RE: [Ganglia-general] intermittent blanks in graphs

Richard.Grevis Wed, 25 Jan 2006 04:19:03 -0800

There is another way this failure can occur, although it is unlikely
(it happened to me though).

gmond appears to do a reverse IP lookup of the udp packets'
source address to generate the hostname in the XML. We had an error
in the reverse DNS, and 2 separate hosts in the cluster ended up having
the same hostname. As soon as the duplicate hostname was encountered
(even though the IP differed)
gmetad tried to update the rrd with data from the same second, causing
the
failure already described.

So also check your XML for duplicate hostnames.

I fixed my DNS of course, but frankly I also just patched
"gmetad/rrd_helpers.c"
function RRD_update to never return an error. Crude, wrong, but it was a
quick way
to stop gmetad bombing on the rest of the data.

regards,
richard

-----Original Message-----
From: [EMAIL PROTECTED]
[mailto:[EMAIL PROTECTED] On Behalf Of Ben
Hartshorne
Sent: 25 January 2006 03:08
To: [email protected]
Subject: Re: [Ganglia-general] intermittent blanks in graphs

Everyone,

thanks very much for your suggestions.  I've replied to each below.
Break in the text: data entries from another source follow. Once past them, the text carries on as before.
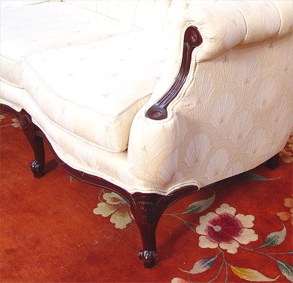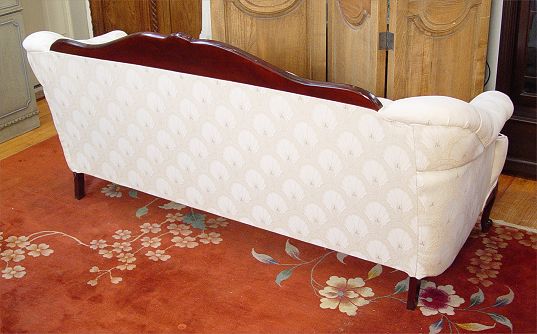 ELEGANT CARVED MAHOGANY SOFA: Shaped top rail, arms scroll outward, shaped skirt, cariole leg. Button and tufted upholstered back, 3 cushion seat. Measures 36 1/2'' high x 75'' wide x 34'' deep
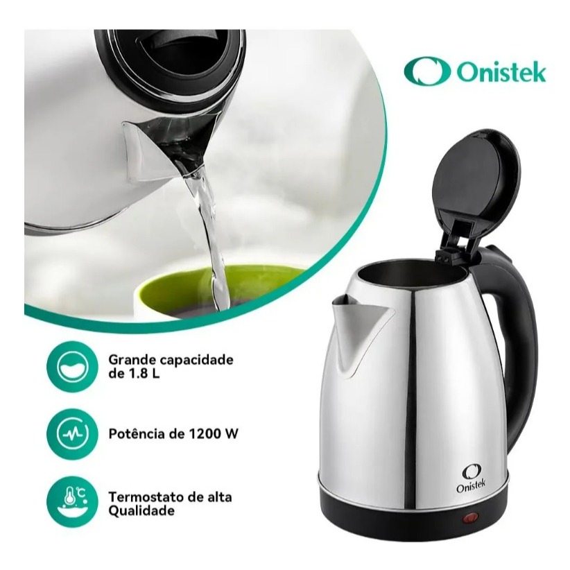A Chaleira Jarra Bule Elétrica Onistek ON-CL200 é a escolha ideal para quem busca eficiência e praticidade na cozinha. Com uma capacidade de 1,8 litros, ela permite preparar grandes quantidades de água quente de forma rápida e segura, ideal para chás, cafés e outras bebidas quentes. Fabricada em aço inoxidável, este modelo não só garante durabilidade, mas também um design elegante que se adapta a qualquer ambiente. Seu sistema de desligamento automático proporciona segurança adicional, evitando superaquecimento e garantindo tranquilidade durante o uso. Com uma potência de 1200W, a chaleira aquece a água de maneira rápida, economizando tempo e energia. A classificação de eficiência energética A+++ assegura que você está fazendo uma escolha consciente e sustentável, contribuindo para a preservação do meio ambiente. Experimente a praticidade e a qualidade da Chaleira Jarra Bule Elétrica Onistek ON-CL200 e transforme sua rotina na cozinha. Ideal para quem valoriza tecnologia e design em um só produto.
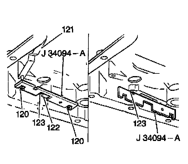 1. Use the J 34094-A to set the middle thermo pin (123).
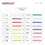 Hitam, Putih, Biru Muda, Biru Tua, Coklat Susu, Fushia, Hijau Daun, Hijau Muda, Kuning, Kuning Kunyit, Kuning Muda, Merah, Orange, Pink, Ungu Muda, Ungu Tua
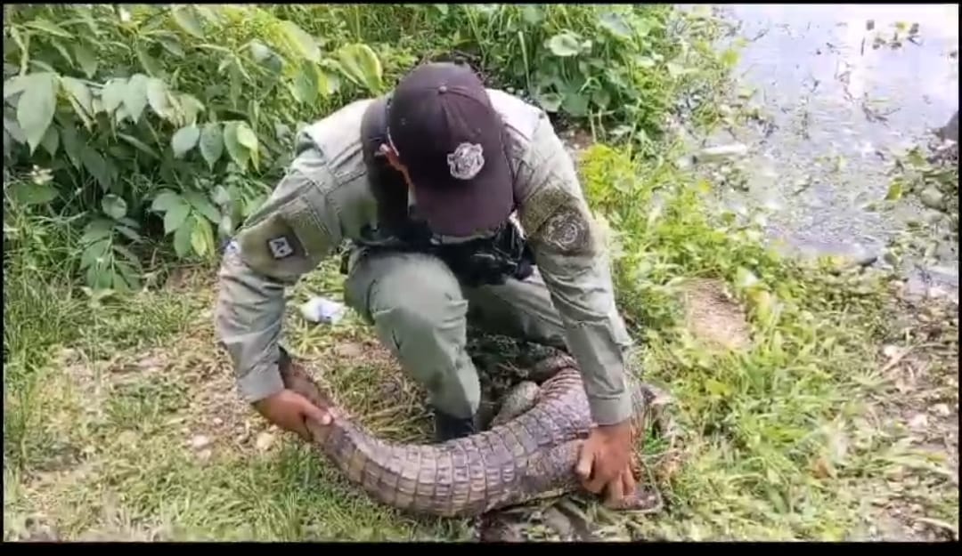 POLICÍA AMBIENTAL RESCATA CAIMÁN DENTRO DE LA PISCINA DE UNA RESIDENCIA

On Tue, Jan 24, 2006 at 04:16:08AM -0800, Martin Knoblauch wrote:
>  just a thought - are your cluster nodes time-synched? Are they 
> [still] in-synch?

to within a second or so.  I also have several gmetrics that are running
at a 2-min interval, and they exhibit the same behavior.  I would be
suprised to see them reporting the same second, 2 minutes apart...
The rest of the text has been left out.